#### ???
* Что такое синтаксическое дерево
* Почему регулярные выражения так называются
* Чем компилятор отличается от интерперетора

In [None]:
from datetime import datetime
start_time = datetime.now()
def time_elapsed():
    global start_time
    print(datetime.now() - start_time)

#### Что мы будем использовать?

Python и его библиотеки
* https://docs.python.org/3/library/dis.html
* https://docs.python.org/3/library/ast.html
* https://greentreesnakes.readthedocs.io/en/latest


* [lark-parser](https://github.com/lark-parser/lark) - библиотека для построения парсера по спецецификации
* [astpretty](https://github.com/asottile/astpretty) - вывод ast на экран


* Утилиты:
* [funcy](https://github.com/Suor/funcy)
* [more-itertools](https://github.com/more-itertools/more-itertools)

*Отступление*
* [facesofopensource.com](https://www.facesofopensource.com/guido-van-rossum-2/)
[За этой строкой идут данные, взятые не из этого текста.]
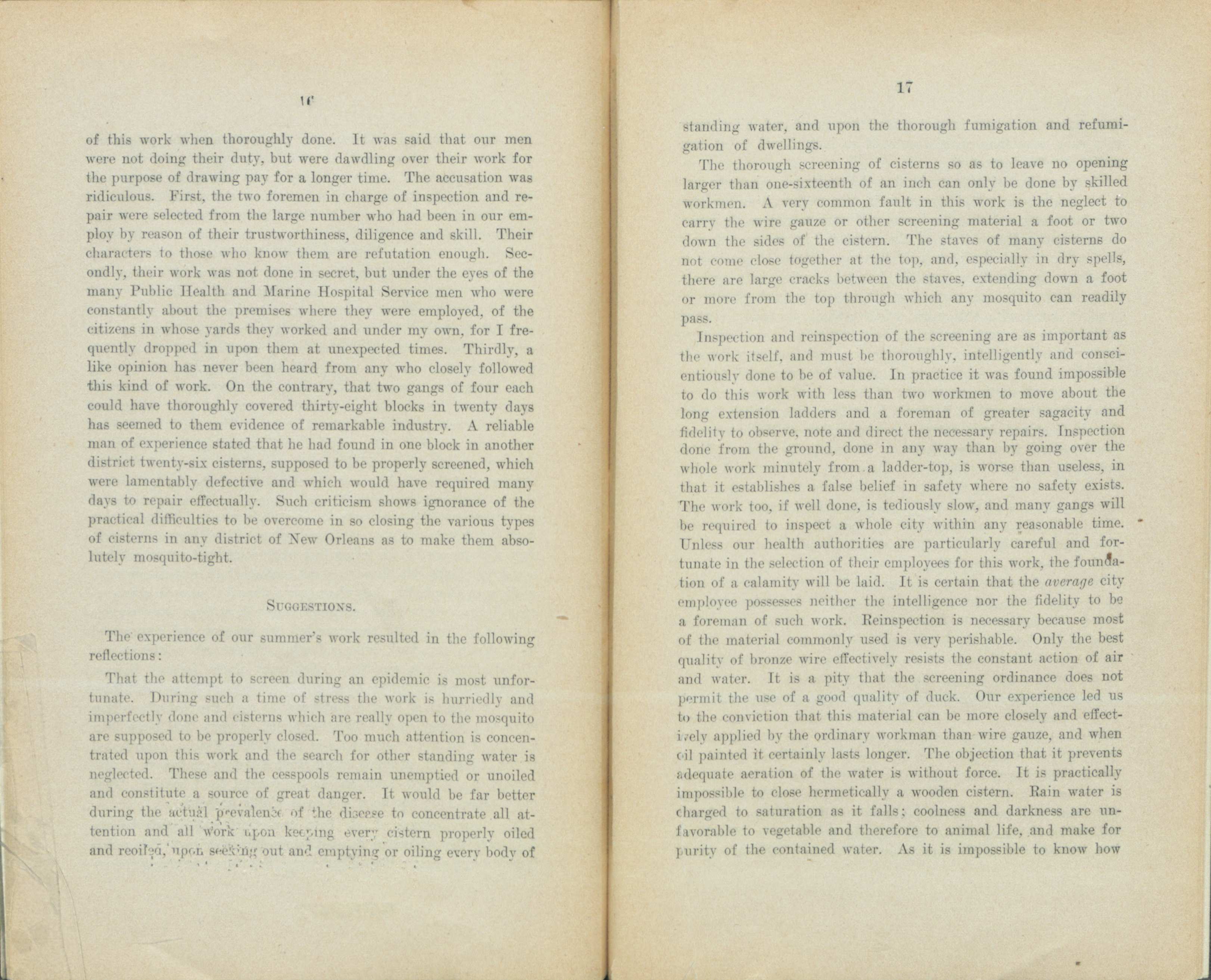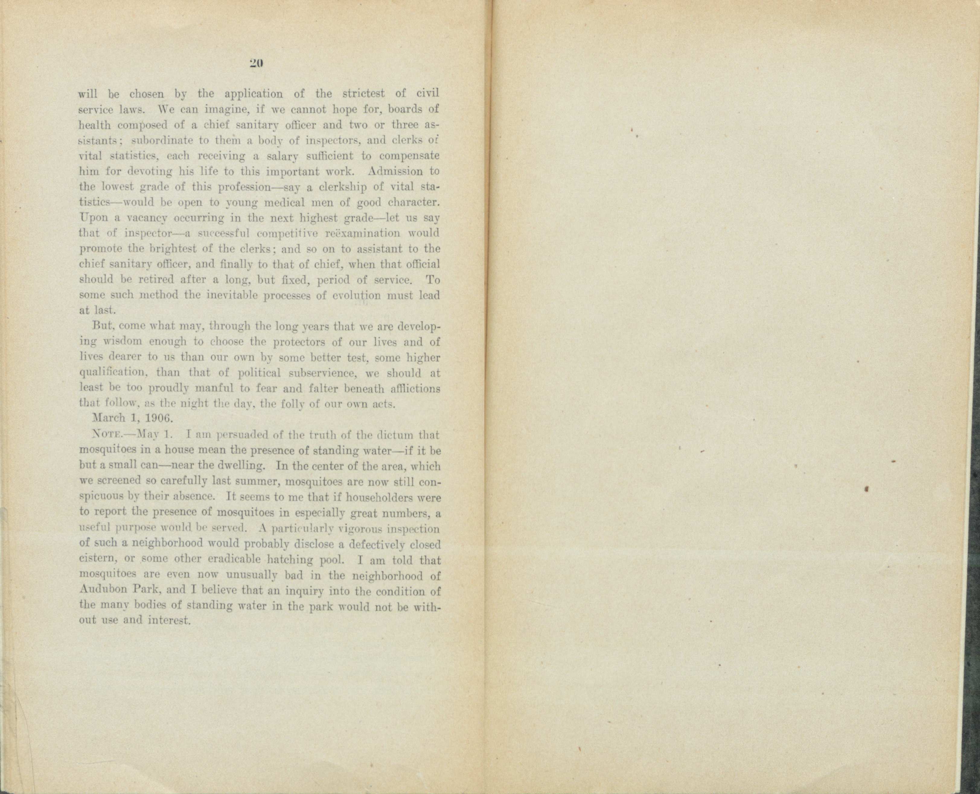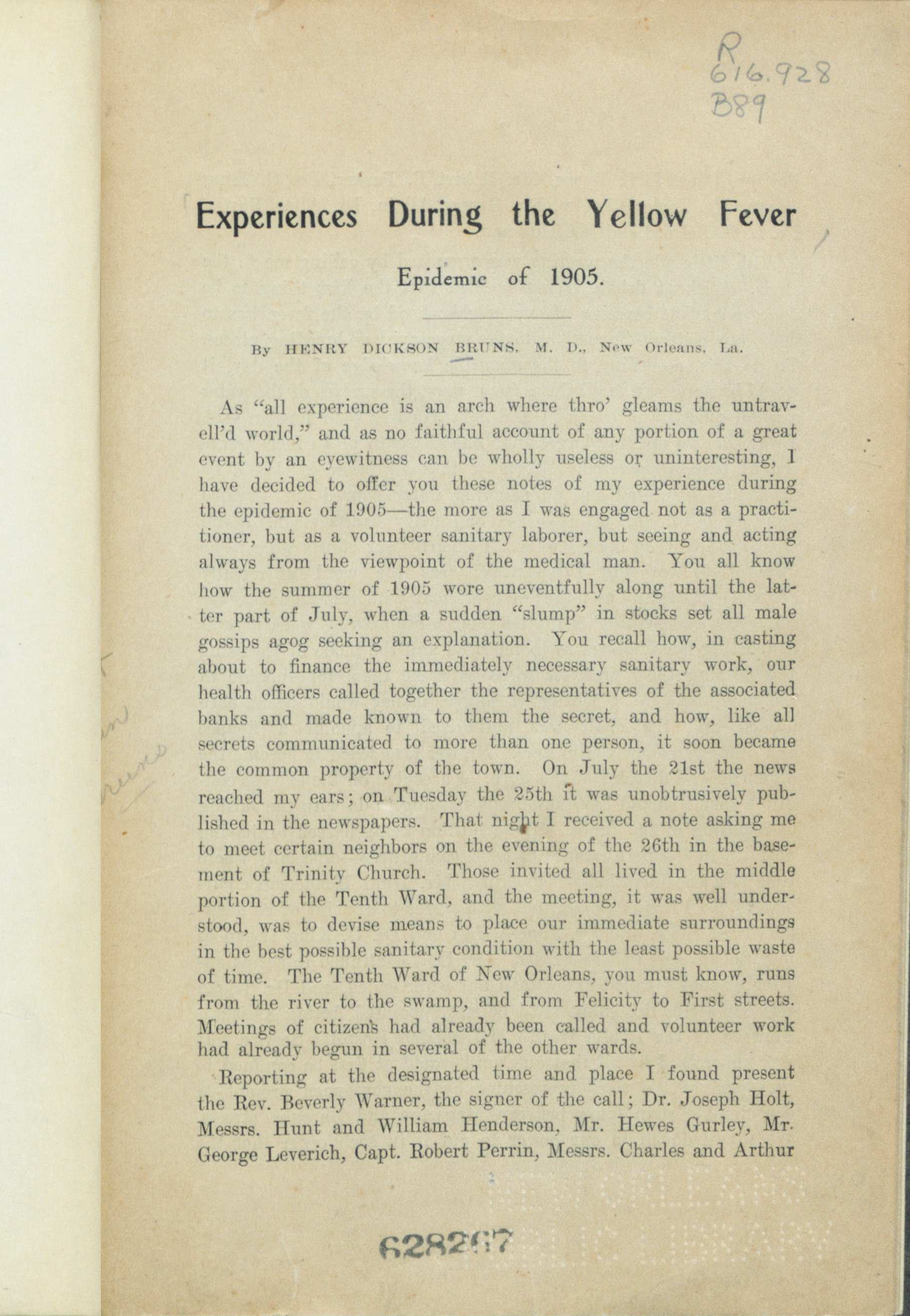 Experiences during the yellow fever epidemic of 1905 (LOUR 616.928 B89): Dr. Henry Dickson Bruns describes his work volunteering as sanitary laborer during the summer of 1905.

#### Нужно ли это разработчикам?
???

### Определения

[Язык программирования](https://ru.wikipedia.org/wiki/%D0%AF%D0%B7%D1%8B%D0%BA_%D0%BF%D1%80%D0%BE%D0%B3%D1%80%D0%B0%D0%BC%D0%BC%D0%B8%D1%80%D0%BE%D0%B2%D0%B0%D0%BD%D0%B8%D1%8F) -  формальный язык, предназначенный для записи компьютерных программ с набором набор лексических, синтаксических и семантических правил.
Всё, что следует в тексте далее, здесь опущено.